═════ Supplied records ═════
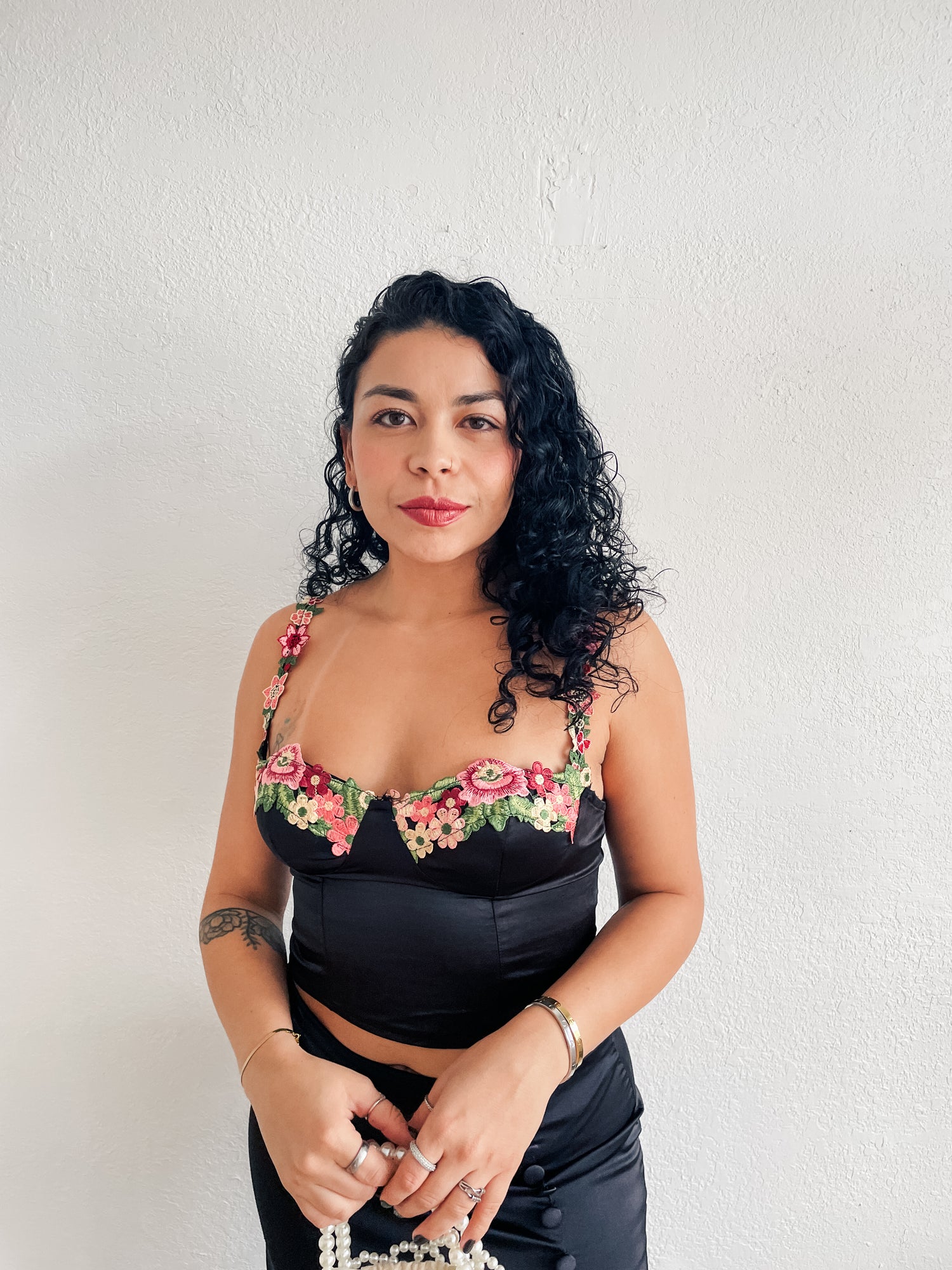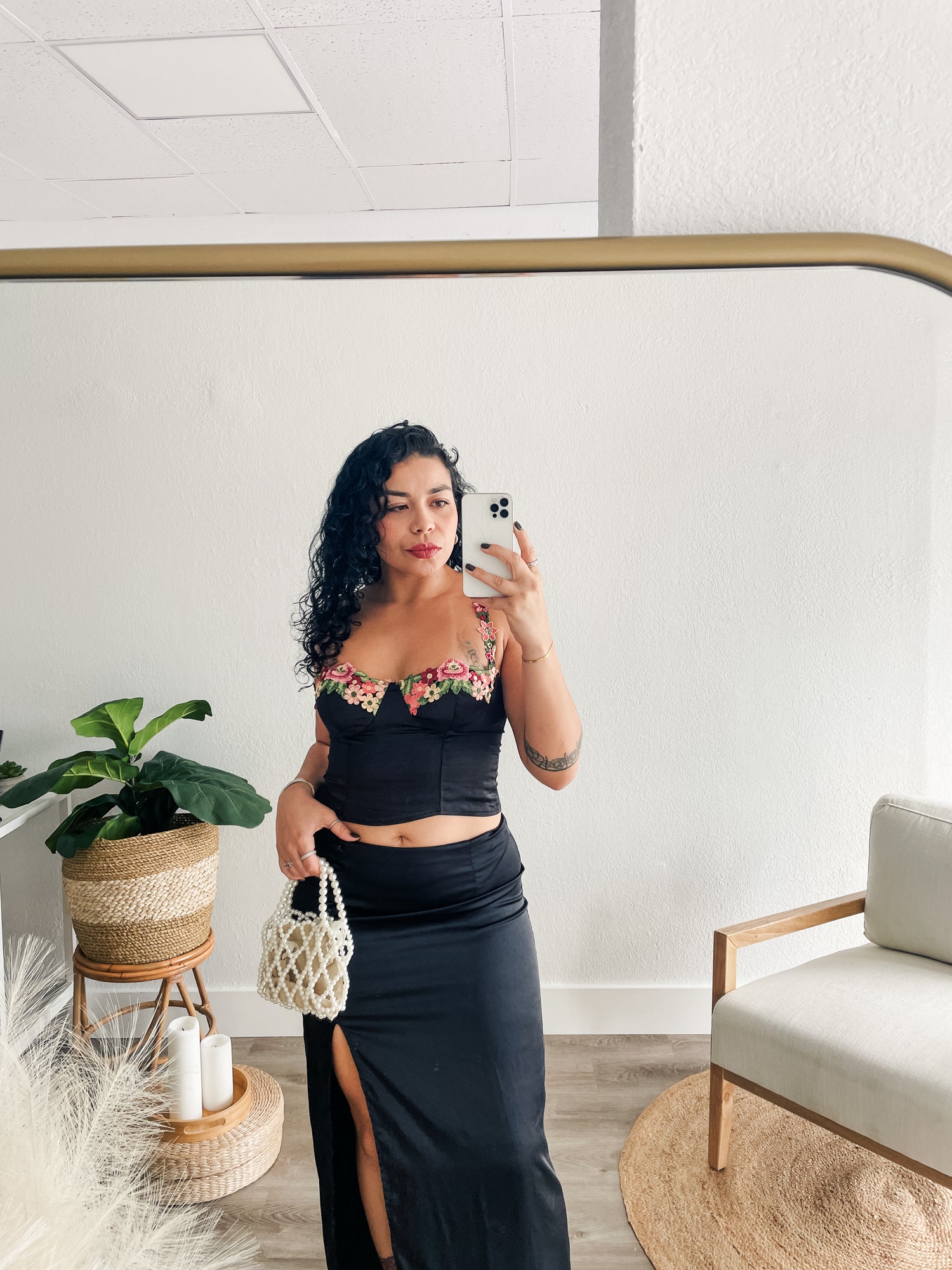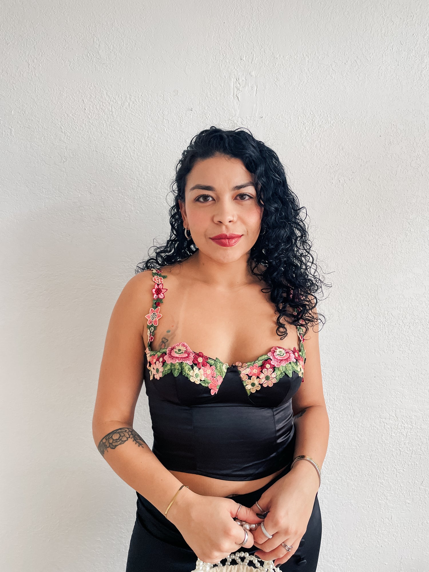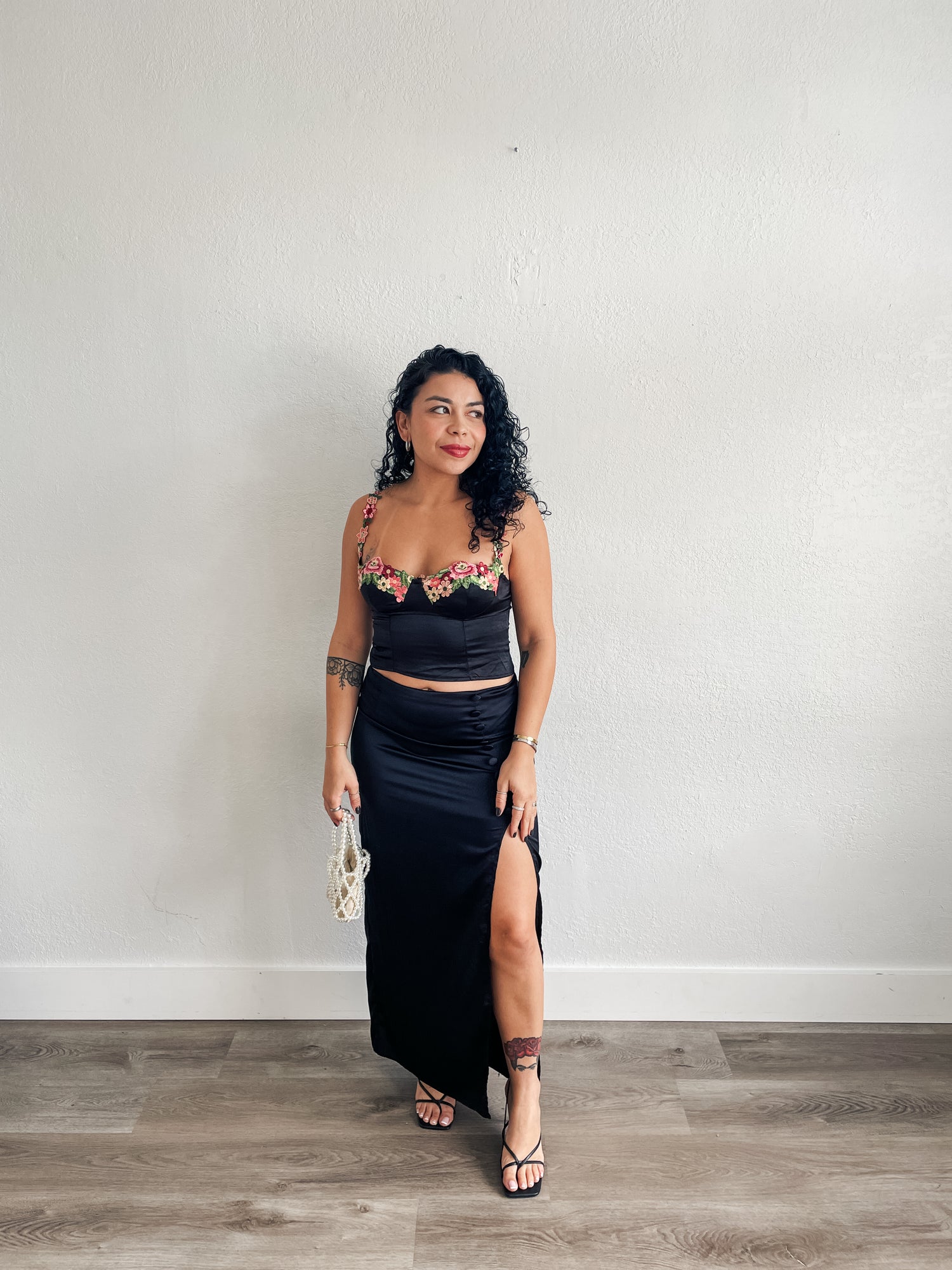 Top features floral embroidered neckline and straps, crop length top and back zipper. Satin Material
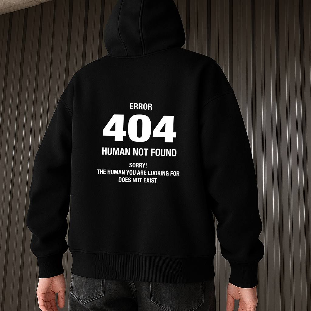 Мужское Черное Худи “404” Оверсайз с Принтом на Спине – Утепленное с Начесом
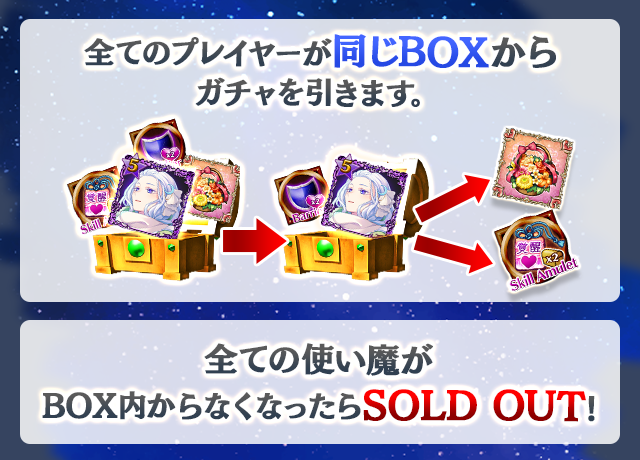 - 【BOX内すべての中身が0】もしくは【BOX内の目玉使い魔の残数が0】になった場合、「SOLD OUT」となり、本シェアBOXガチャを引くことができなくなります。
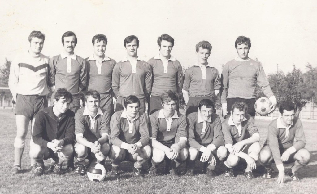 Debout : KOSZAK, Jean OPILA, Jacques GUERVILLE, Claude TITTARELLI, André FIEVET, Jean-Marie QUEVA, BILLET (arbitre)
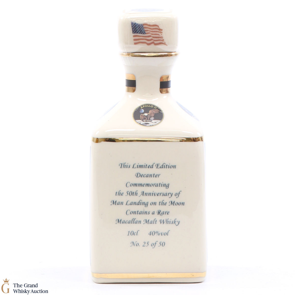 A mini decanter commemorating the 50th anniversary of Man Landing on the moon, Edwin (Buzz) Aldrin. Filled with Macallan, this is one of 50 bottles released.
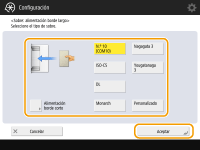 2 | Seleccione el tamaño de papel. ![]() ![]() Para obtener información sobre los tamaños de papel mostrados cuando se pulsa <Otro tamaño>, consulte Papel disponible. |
═════
▸ **Your objective**
An exact reproduction of the data is needed, with no pictures included.

▸ **Answer**
 Top features floral embroidered neckline and straps, crop length top and back zipper. Satin Material
 Мужское Черное Худи “404” Оверсайз с Принтом на Спине – Утепленное с Начесом
 - 【BOX内すべての中身が0】もしくは【BOX内の目玉使い魔の残数が0】になった場合、「SOLD OUT」となり、本シェアBOXガチャを引くことができなくなります。
 Debout : KOSZAK, Jean OPILA, Jacques GUERVILLE, Claude TITTARELLI, André FIEVET, Jean-Marie QUEVA, BILLET (arbitre)
 A mini decanter commemorating the 50th anniversary of Man Landing on the moon, Edwin (Buzz) Aldrin. Filled with Macallan, this is one of 50 bottles released.
 2 | Seleccione el tamaño de papel. ![]() ![]() Para obtener información sobre los tamaños de papel mostrados cuando se pulsa <Otro tamaño>, consulte Papel disponible. |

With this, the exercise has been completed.